═════ Input data ═════

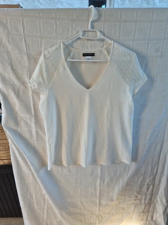 ⬇️mes autres annonces pour femme taille 38👉 #cg89femme38 une blouse blanc avec dentelle aux épaules. il mesure 51 cm aux aisselles et 62 cm de longueur. très bon état - taille 38 - marque laura clement de la redoute #blouse #dentelle #redoute #lauraclement
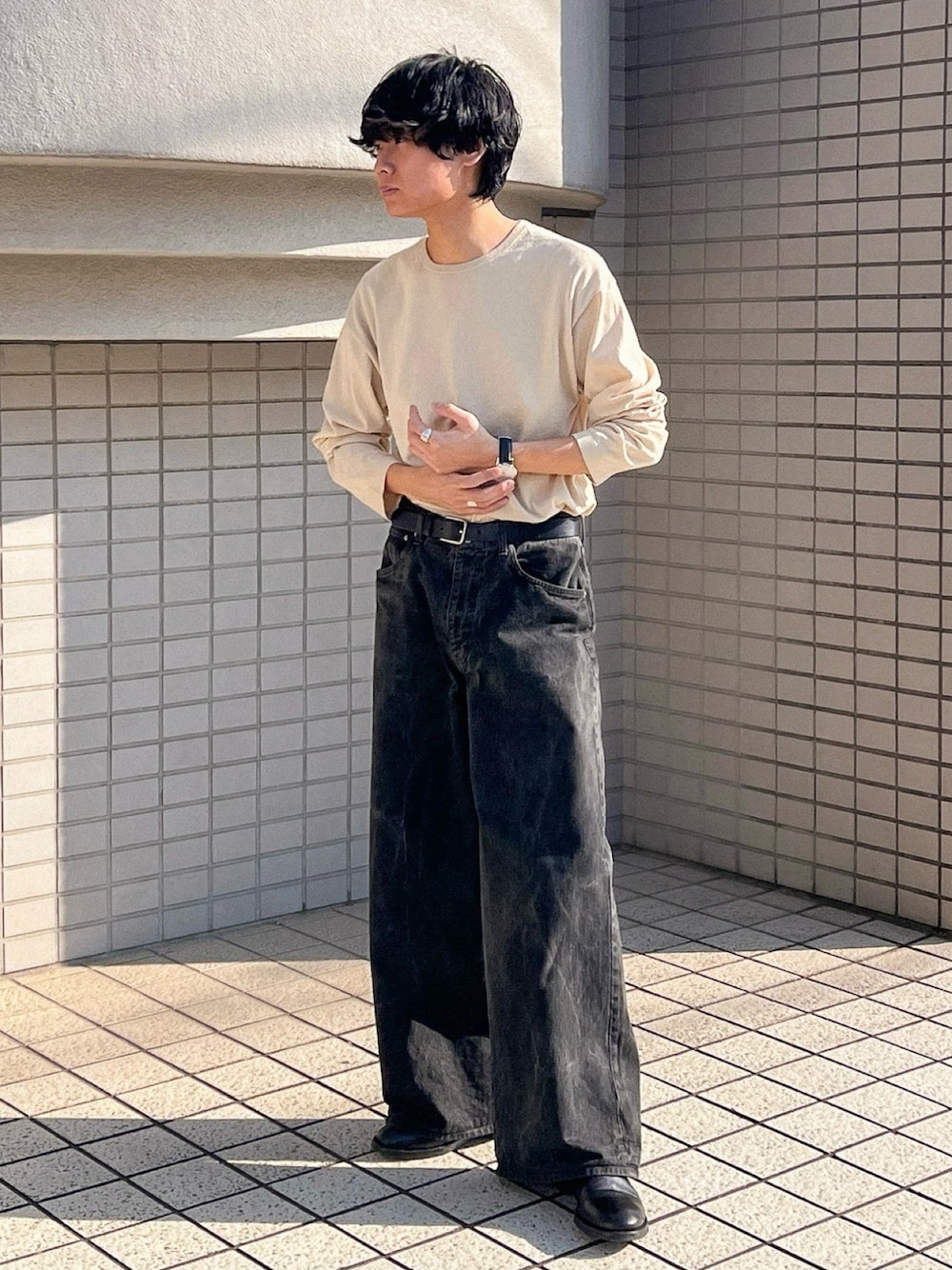 平莉川己夢(コム)のデニムパンツ「CRACK WASHED BAGGY DENIM PANTS」を使ったコーディネート
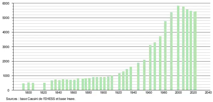 - ↑ Population municipale de référence en vigueur au 1er janvier 2025, millésimée 2022, définie dans les limites territoriales en vigueur au 1er janvier 2024, date de référence statistique : 1er janvier 2022.
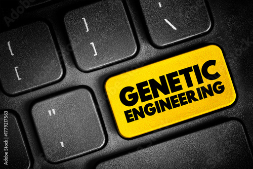 Naklejka premium Genetic Engineering - process that uses laboratory-based technologies to alter the DNA makeup of an organism, text button on keyboard, concept background

═════

The task>
Drop the images and copy all the data exactly.

Expected answer>
 ⬇️mes autres annonces pour femme taille 38👉 #cg89femme38 une blouse blanc avec dentelle aux épaules. il mesure 51 cm aux aisselles et 62 cm de longueur. très bon état - taille 38 - marque laura clement de la redoute #blouse #dentelle #redoute #lauraclement
 平莉川己夢(コム)のデニムパンツ「CRACK WASHED BAGGY DENIM PANTS」を使ったコーディネート
 - ↑ Population municipale de référence en vigueur au 1er janvier 2025, millésimée 2022, définie dans les limites territoriales en vigueur au 1er janvier 2024, date de référence statistique : 1er janvier 2022.
 Naklejka premium Genetic Engineering - process that uses laboratory-based technologies to alter the DNA makeup of an organism, text button on keyboard, concept background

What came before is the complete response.